Interested buyers need to front up most of the cost of the new car in April, potentially giving Tata Motors $1 billion for at least 3 months and at least $200 million against the delivery of the first 100,000 units -- which could take more than a year.
"We are expecting lakhs (hundreds of thousands) of applicants, judging from the initial reaction," said O.P. Bhatt, chairman of top bank State Bank of India , which has a tie-up as a preferred financier for Nano bookings.
Tata Motor's cash needs are pressing. It has $100 million of cash left in its books as of the end of 2008 and is finding it hard to raise 70 billion rupees ($1.4 billion) for working capital.
Before the credit crunch hit last year, Tata bought Jaguar and Land Rover -- and the residual $2 billion of bridge loans on that deal falls due in June.
"The company can finance its working capital at nominal interest rates on booking amounts received for Nano," Brics Securities said in a research note.
Nanos have to be booked and a deposit of almost the full price has to be paid between April 9 and 25, but the first cars won't be available until July. Unsuccessful deposits won't be returned until then, and only if customers elect not to stay on the waiting list for the stubby four-seater.
For the basic Nano, a deposit of 95,000 rupees ($1,890) is required on a car that will have a showroom price as low as 112,735 rupees, and more for models with optional extras.
There will be a lottery to select the first 100,000 owners, who may still have to wait more than a year for their car. Once selected, the company keeps their deposit and pays no interest.
Assuming some opt for the more expensive models, which have deposits of 120,000 rupees and 140,000 rupees, Tata Motors could receive an average booking fee of $2,000 per car.
That is $200 million on the first 100,000 orders.
Demand is expected to far exceed 100,000, which will give the company a short-term float over the period its bridge loans fall due. Tata Motors can hold the deposits of unsuccessful applicants, who elect not to remain in the queue, for up to three months after the booking period closes and has said it will put the deposit money to use.
A purpose-built plant to make 250,000 Nanos a year will start late this year or early next year, and until then Tata Motors has put annualized capacity at existing plants at 50,000 to 60,000 Nanos.
Assuming 500,000 applicants -- a large number but the population exceeds 1.1 billion and 1.3 million cars were sold last year -- and an average deposit of $2,000, that would give Tata Motors $1 billion.
On top of that, potential buyers also pay a fee just to submit an application -- 200 rupees if booked online and 300 rupees otherwise.
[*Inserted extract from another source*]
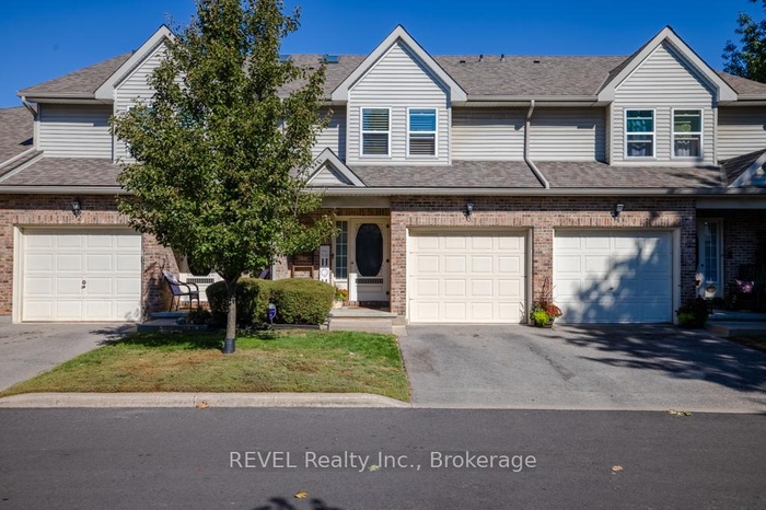 Looking for your next move? Consider this your winning play! Welcome to Pine Meadows, one of Niagara Falls most desirable and well-maintained condo communities. This charming 3-bedroom, 2.5-bath townhouse with attached garage and private driveway offers the perfect blend of comfort, convenience, and low-maintenance living, all in a central location close to shopping, dining, schools, and amenities. The bright and inviting main floor features a spacious living room with a cozy gas fireplace, an eat-in kitchen with garburator, and a separate formal dining area with direct access to a private deck and charming backyard retreat. Upstairs, you'll find three bedrooms, including a generously sized primary bedroom with walk-in closet and ensuite privilege to the 5-piece bathroom. Convenient laundry on the bedroom level makes everyday living a breeze. The finished basement extends your living space with a large family room, complete with a wet bar, a 3-piece bathroom, and wall-to-wall closets for incredible storage. With its prime location, thoughtful layout, and community setting, this home is truly a gem.

Assuming a 50-50 split between 500,000 applicants, that is another $2.5 million.
"We expect Tata Motors to benefit from one-time application fees... and funds float, which could be substantial even accounting for cancellations post-allotment, at a reasonable rate of interest at 8.5 percent," Bank of America Merrill Lynch analysts S.Arun and Kunal Tayal said in a note.
If people who miss out in the lottery for the first 100,000 Nanos want to remain in queue, their deposit stays with Tata Motors, who will pay 8.5 percent on deposits held for more than one year, and 8.75 percent on deposits held for more than two years.
The firm has been offering up to 11 percent for short-term paper after credit ratings downgrades. Earlier this month, Moody's cut its rating to B3 with a negative outlook from B1, the second cut in five months. Standard & Poor's has placed it at BB-minus with negative implications.
Both rating agencies were concerned by deteriorating cash flows, its funding plan for capital expenditure and future debt composition.